Clay masonry-infilled reinforced concrete (RC) frame structures are a widespread construction practice globally. Nonetheless, the brittle behavior of these infill panels, along with the complex interplay between their in-plane (IP) and out-of-plane (OOP) responses, can markedly increase a building’s seismic vulnerability influencing both local and global structural performance. To address this issue, there is a pressing need for reliable modelling tools capable of capturing the coupled IP/OOP behavior of infills under seismic loading. In pursuit of this aim, this paper presents a macro-model implemented within the OpenSees-STKO environment to simulate the IP/OOP response of infill walls. The model comprises four diagonal struts—two per diagonal—and two concentrated OOP masses positioned at the panel’s center. Each strut is discretized using two beam-column elements, enabling the formation of a plastic hinge at mid-span. This hinge concentrates the nonlinear behavior due to IP/OOP interaction, represented using a fiber-section model.

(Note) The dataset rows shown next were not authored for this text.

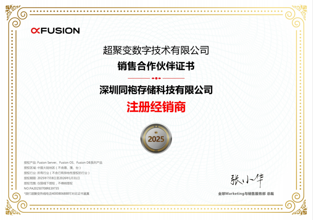 2025年7月,深圳同袍存儲(chǔ)科技有限公司正式獲得超聚變數(shù)字技術(shù)有限公司官方授權(quán),成為其全棧服務(wù)器產(chǎn)品線與解決方案的核心代理經(jīng)銷商。此次授權(quán)標(biāo)志著雙方在國(guó)產(chǎn)化算力基礎(chǔ)設(shè)施領(lǐng)域深度協(xié)同的戰(zhàn)略落地,為千行萬(wàn)業(yè)智能化轉(zhuǎn)型注入新動(dòng)能。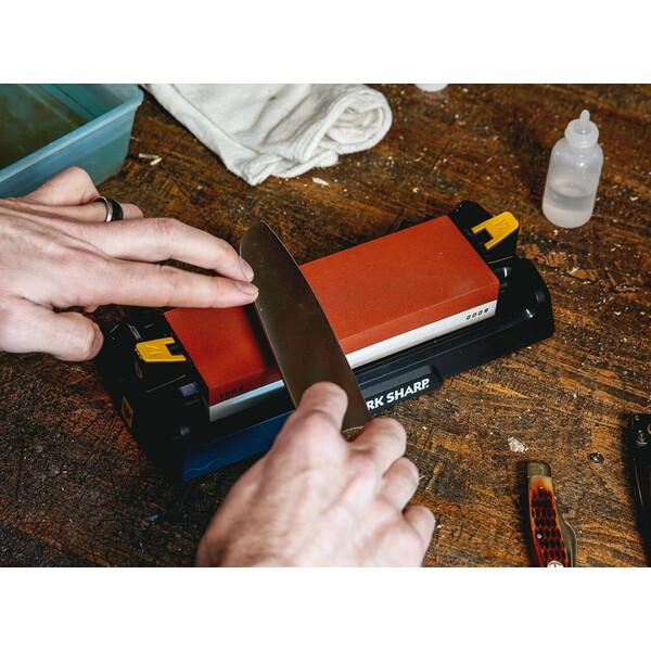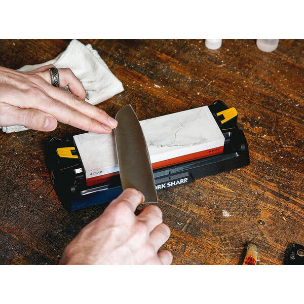 Точилният камък Work Sharp Benchtop е ъглово насочващ се, двойнозърнест камък за заточване на ножове и инструменти с фини ръбове. Висококачественият корундов камък с зърненост 1000 и 6000 създава невероятно остри ръбове. Основата за заточване осигурява стабилна платформа и подобрен контрол на водата за по-малко замърсяване и по-бързо почистване. Ъгловите водачи създават прецизност и постоянство, за да поддържат ръба, което прави заточването по-бързо и лесно. Водачите за заточване са взаимозаменяеми от 15° или 17° и са опционални за използване.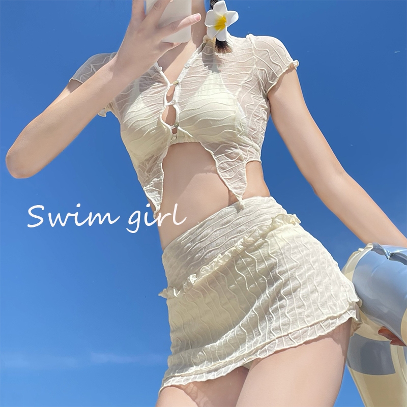 swim girlชุดว่ายน้ํา 3 ชิ้น ชุดว่ายน้ำผู้หญิง กระโปรง ผ้าแห้งเร็วบางเฉียบ พร้อมส่งที่ไทยครับ#0146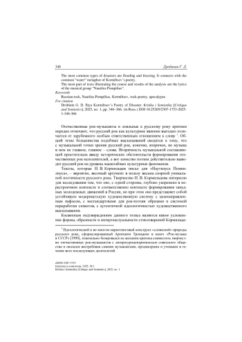 Наиболее распространенными типами бедствий в поэзии Кормильцева оказываются наводнение и замерзание, что связано с системной для творчества Кормильцева метафорой воды как квинтэссенции жизни.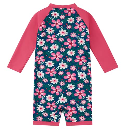 Baby Girl One Piece Swimsuit Sunsuit with Full-Length Zipper UPF 50+ Sun Protection Infant Swimwear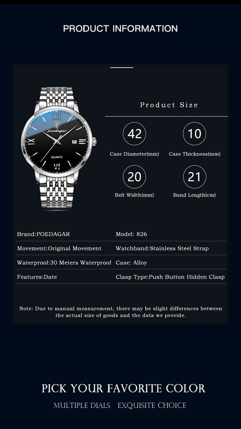 • Luxury Sports Men's Wristwatch Stainless Steel Waterproof Date Man Watch High Quality Casual Fashion Quartz Men Watches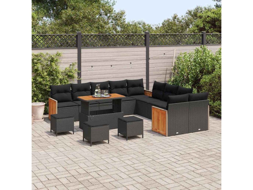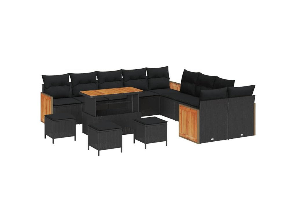 Sada zahradních pohovek 14 pcs Černá polyratan 3365319

The model has been calibrated and validated against a series of experimental studies involving both unreinforced and strengthened thin clay masonry infill panels. The model is then employed in a series of non-linear time history analyses within a broader parametric study investigating different thin infilled frame configurations. Results confirm the model’s effectiveness in capturing complex interaction mechanisms and highlight the positive impact of the strengthening techniques in mitigating adverse IP/OOP coupling effects.